Want to always measure an alternator or generator under load, turn the headlights on and the fan blower, radio, etc. Then, run the engine up to simulate cruise RPM, say 2000 to 2400 and hold it there. Measure voltage right at the battery posts, cause this what counts. Remember what the Echlin service bulletin said about connections and grounds. Even a tiny bit of corrosion, loose or missing grounds, will cause problems. A quick test, take a heavy jumper wire with alligator clips or even jumper cables, ground the regulator case directly to battery ground terminal. If the regulator "sees" a different ground potential it won't work correctly.
I don't believe that is totally accurate. The residual magnetism is retained inside the generator, whether the battery is disconnected/reconnected, or the regulator removed and replaced. The Ford manual says it isn't normally required to polarize a generator unless the generator has been rebuilt and the pole shoes replaced. It won't hurt anything, assuming it's done correctly. Polarizing Fords using the GM type "A" burns the regulator points.

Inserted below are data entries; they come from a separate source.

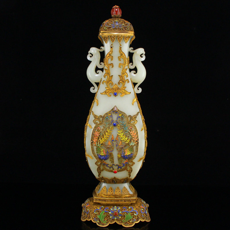Коллекция народного антиквариата по фиксированной цене, серебро 925 пробы, позолоченная филигранная точечная эмаль, инкрустация драгоценными камнями и ваза из хэтянского нефрита, орнаменты.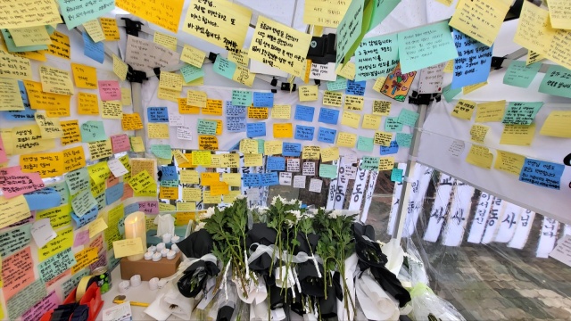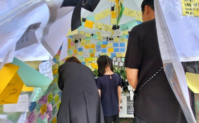 ▲ 수백장의 포스트잇과 국화꽃(2023.7.24) / 사진.평화뉴스 김영화 기자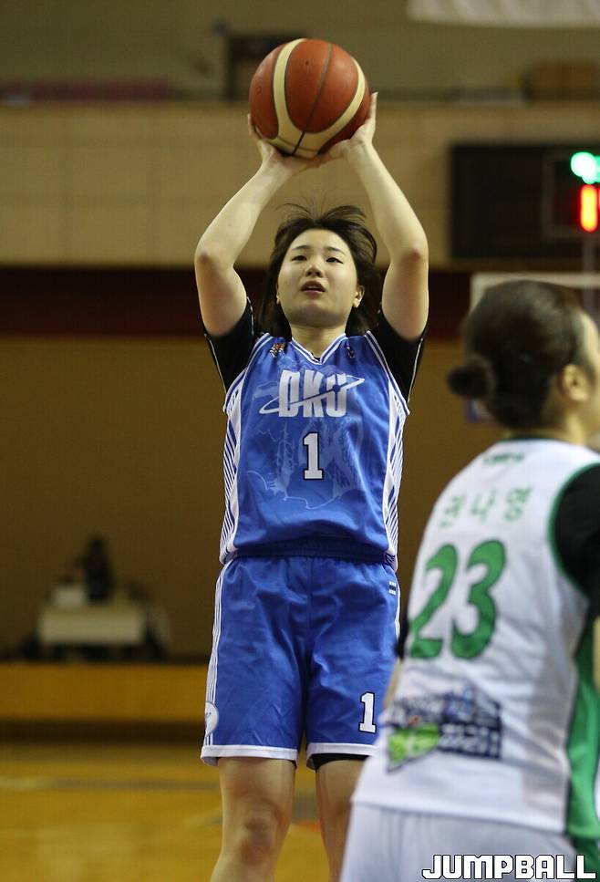 박성은(177cm, C)이 더블더블을 작성하며 골밑을 책임지고, 문지현(168cm, F)이 평균 4.14개와 성공률 44.6%로 양과 질 모두 최고인 3점슛을 폭발시키고, 박지수(176cm, F)가 두루두루 고른 활약을 펼치는 게 단국대의 힘이다.

I think I got some progress. Grounded case of reg directly to bat post ground. Read meter results directly at the battery. Best was 14.0 volts at 2000 rpm. Now checking grounds. Side note...I have almost no voltage leakdown ; less than .2 miilamp. Got better Sent from my iPad using The H.A.M.B. mobile app
Sounds like you got it.Remember at idle generators dont put out much.As a kid slow cruising generator Chevys on Saturday night I couldnt even keep the battery charged enough to get it started the next morning.Rest of the week it was fine cause I drove on the highway.Theres a reason the alternator was invented.